You can either use the command line help page (by typing prokka) or have a look at the Prokka Github page to browse through the output files that Prokka creates.

Exercise 5.3

  • Run prokka on one of the genomes you have previously worked with, either in /nfs/teaching/551-0132-00L/1_Unix1/genomes/bacteria/ or one you downloaded. How does the annotation differ from the official genbank record? Are there more or fewer genes?

# Load prokka
ml prokka

# Let's choose the name of the output files
prokka --outdir prokka --prefix my_genome my_genome.fasta

# We learn from this exercise that the annotation can differ in many ways, even the number of genes can be wrong. The genomes we worked with so far are very well studied and many of their annotations are based on direct observations rather than computational inference.
  • So far we have seen that we can use diverse databases and algorithms for genome annotation and feature prediction. Can you think of risks associated with the choices we make when annotating a genome or a set of genes?

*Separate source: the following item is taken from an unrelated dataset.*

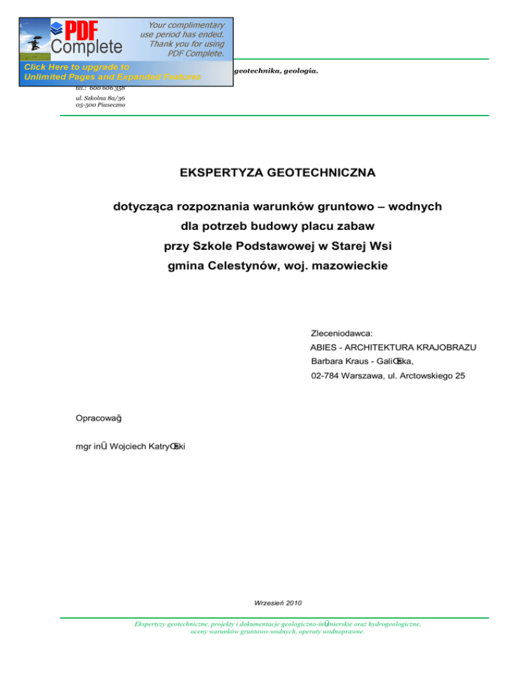 GEOTECHNIKAT - Inżynieria środowiska, geotechnika, geologia. mgr inż. Wojciech Katryński tel.: 600 606 358 ul. Szkolna 8a/36 05-500 Piaseczno EKSPERTYZA GEOTECHNICZNA dotycząca rozpoznania warunków gruntowo – wodnych dla potrzeb budowy placu zabaw przy Szkole Podstawowej w Starej Wsi gmina Celestynów, woj. mazowieckie Zleceniodawca: ABIES - ARCHITEKTURA KRAJOBRAZU Barbara Kraus - Galińska, 02-784 Warszawa, ul. Arctowskiego 25 Opracował: mgr inż. Wojciech Katryński Wrzesień 2010 Ekspertyzy geotechniczne, projekty i dokumentacje geologiczno-inżynierskie oraz hydrogeologiczne, oceny warunków gruntowo-wodnych, operaty wodnoprawne. 2 Spis treści: 1. Wstęp 3 2. Projektowana inwestycja 3 3. Budowa geologiczna i warunki hydrogeologiczne 4 4. Cel badań 4 5. Opis przeprowadzonych prac terenowych 5 6. Charakterystyka gruntów 5 7. Ocena warunków geotechnicznych 6 8. Podsumowanie i wnioski 7 Spis załączników 1. Położenie analizowanego terenu na tle mapy topograficznej, skala 1:50 000. 2. Mapa sytuacyjna z lokalizacją wykonanych otworów badawczych, skala 1:500. 3.1. Karta otworu geotechnicznego nr 1, skala 1:25. 3.2. Karta otworu geotechnicznego nr 2, skala 1:25. 4. Przekrój geotechniczny 1-2, skala pionowa 1:50, skala pozioma 1:100. 3 1. Wstęp. Niniejsza ekspertyza geotechniczna została wykonana na potrzeby budowy placu zabaw przy Szkole Podstawowej zlokalizowanej w Starej Wsi przy ulicy Fabrycznej 6, gmina Celestynów, woj. mazowieckie. Położenie analizowanego terenu na tle mapy topograficznej przedstawia załącznik nr 1. Przedstawioną ekspertyzę opracowano na podstawie dwóch otworów badawczych o głębokościach 2,0 m p.p.t., które wykonano w celu rozpoznania warunków gruntowo-wodnych występujących w podłożu. Wykonane małośrednicowe odwierty oraz analizy makroskopowe pozwoliły na rozpoznanie rodzajów zalegających gruntów oraz określenie przybliżonych parametrów geotechnicznych występujących w podłożu planowanej budowy placu zabaw. Ekspertyzę geotechniczną opracowano na podstawie odwiertów geotechnicznych z wykorzystaniem norm: 2. wykonanych · PN-B-04452 z 2002r.: Geotechnika. Badania polowe. · PN-81/B-03020 z 1981r.: Grunty budowlane. Posadowienie bezpośrednie budowli. · PN-B-02479 z 1998r.: Dokumentowanie geotechniczne. Zasady ogólne. Projektowana inwestycja. Na opiniowanym terenie planuje się budowę placu zabaw. Załącznik nr 2 przedstawia mapę sytuacyjną analizowanego terenu z lokalizacją wykonanych otworów badawczych. 4 3. Budowa geologiczna i warunki hydrogeologiczne. Przed rozpoczęciem prac terenowych przeanalizowano budowę geologiczną występującą na badanym terenie na podstawie Szczegółowej Mapy Geologicznej Polski, arkusz 561-Otwock, w skali 1 : 50 000 (Baraniecka M.D., Wydawnictwa Geologiczne, Warszawa 1975). Analizując w/w mapę, stwierdzono, że na danym obszarze w warstwie powierzchniowej zalegają najprawdopodobniej piaski rzeczne doliny Zabieżni-Celestynów wykształcone podczas zlodowaceń środkowopolskiego i północnopolskiego. Na badanym terenie przeprowadzono wiercenia do głębokości 2,0 m p.p.t. Na podstawie oporu świdra, postępu wykonywanych wierceń oraz makroskopowej analizy pobieranych próbek gruntowych, określono rodzaje i przybliżone stany gruntów występujących w podłożu. Wykonano karty otworów oraz przekrój geotechniczny (załączniki nr 3.1.-3.2. oraz 4). Wiercenia badawcze przeprowadzone w analizowanym podłożu potwierdziły występowanie piasków rzecznych wykształconych jako piaski drobne. Występujące w analizowanym podłożu utwory niespoiste (piaski drobne) są w stanie średnio zagęszczonym. W wykonanych odwiertach stwierdzono występowanie swobodnego zwierciadła wód gruntowych płytko, tzn. na głębokości 0,50-0,70 m p.p.t. Pomiary położenia zwierciadła wód gruntowych wykonano w dniu wierceń, tzn. 09.09.2010 r. (okres intensywnych opadów deszczu i wysokich stanów wód). 4. Cel badań. Celem badań było określenie warunków geotechnicznych występujących w analizowanym podłożu. Określono gruntów, tj.: wartości charakterystyczne · stopień zagęszczenia ID(n) · wilgotność naturalna wn(n) · gęstość objętościowa r(n) · kąt tarcia wewnętrznego Φu(n) parametrów geotechnicznych 5 · edometryczny moduł ściśliwości pierwotnej M0(n) · moduł pierwotnego odkształcenia E0(n) 5. Opis przeprowadzonych prac terenowych. Poniżej wymieniono prace terenowe, które zostały wykonane w ramach przeprowadzonych badań geotechnicznych w podłożu planowanej budowy placu zabaw przy Szkole Podstawowej zlokalizowanej przy ulicy Fabrycznej 6 w Starej Wsi. Wykonano: 6. 1) dwa wiercenia geotechniczne do głębokości 2,0 m p.p.t., 2) analizy makroskopowe w trakcie wykonywanych wierceń geotechnicznych (określenie rodzaju, barwy i wilgotności badanych gruntów oraz ich przybliżonych stanów), 3) pomiary położenia zwierciadła wód gruntowych w otworach wiertniczych. Charakterystyka gruntów. Grunty scharakteryzowano w oparciu o wyniki przeprowadzonych wierceń geotechnicznych z wykorzystaniem normy PN-81/B-03020. Jako parametr wiodący dla występujących w podłożu gruntów niespoistych przyjęto stopień zagęszczenia ID. Pozostałe parametry geotechniczne wyznaczono z wykresów i tabel z normy PN-81/B-03020. Ze względu na jednorodność zalegających gruntów wydzielono tylko jedną warstwę geotechniczną: Warstwa I – obejmuje utwory niespoiste - piaski drobne, żółte i szare, od wilgotnych do nawodnionych, znajdujące się w stanie średnio zgęszczonym, o uogólnionym stopniu zagęszczenia ID = 0,45. 6 W poniższej tabeli nr 1 zestawiono przybliżone wartości charakterystyczne parametrów geotechnicznych wyznaczone dla wydzielonej warstwy geotechnicznej. Tabela nr 1. Wartości charakterystyczne parametrów geotechnicznych wydzielonej warstwy. Nr warstwy geotechnicznej I Nazwa gruntu Stan gruntu Wilgotność naturalna Gęstość objęto

  • The first and probably biggest risk of misannotation comes from the databases we use. They may contain information of different levels of evidence (i.e. there is a huge difference between experimental validation of protein function and statistical inference). It is therefore important to always be aware of the level of evidence provided by a database and not interpret the results disregarding the uncertainty of a prediction.

  • An additional risk regarding databases is the quality of a database and the level of manual curation that is done by the people maintaining the database. In recent years and with growing amounts of data, curation has become crucial to determine which data is useful versus useless or inaccurate data. It is therefore important to know the quality of a database to be aware of additional uncertainties.

  • Besides the risk of errors and functional misannotations within databases, there are plenty of differences between algorithms and how their parameters are defined. It is therefore important that we know the specific parameter settings of an algorithm of choice to be aware how it evaluates a probability of an annotated gene function.

  • Lastly, when we work with a specific genome of interest, we should always be aware of the information that is already known/still unknown about this organism or closely related organisms. If we work with a well-known organism, we can be more confident in the annotation since the databases probably contain more detailed and thoroughly evaluated data. If we work with a less studied organism, we should be aware that there might not be much evidence for annotation and even if we find an annotation, the risk is higher that there are wrong inferences that were not studied and corrected yet.

Annotating other features#

Other than genes, there are techniques and software for annotating an array of other features. Many of them use similar methods as we have discussed above - build a statistical model of a feature based on example sequences and use that model to find similar features. This is typical for promoters, binding sites and other sequence motifs.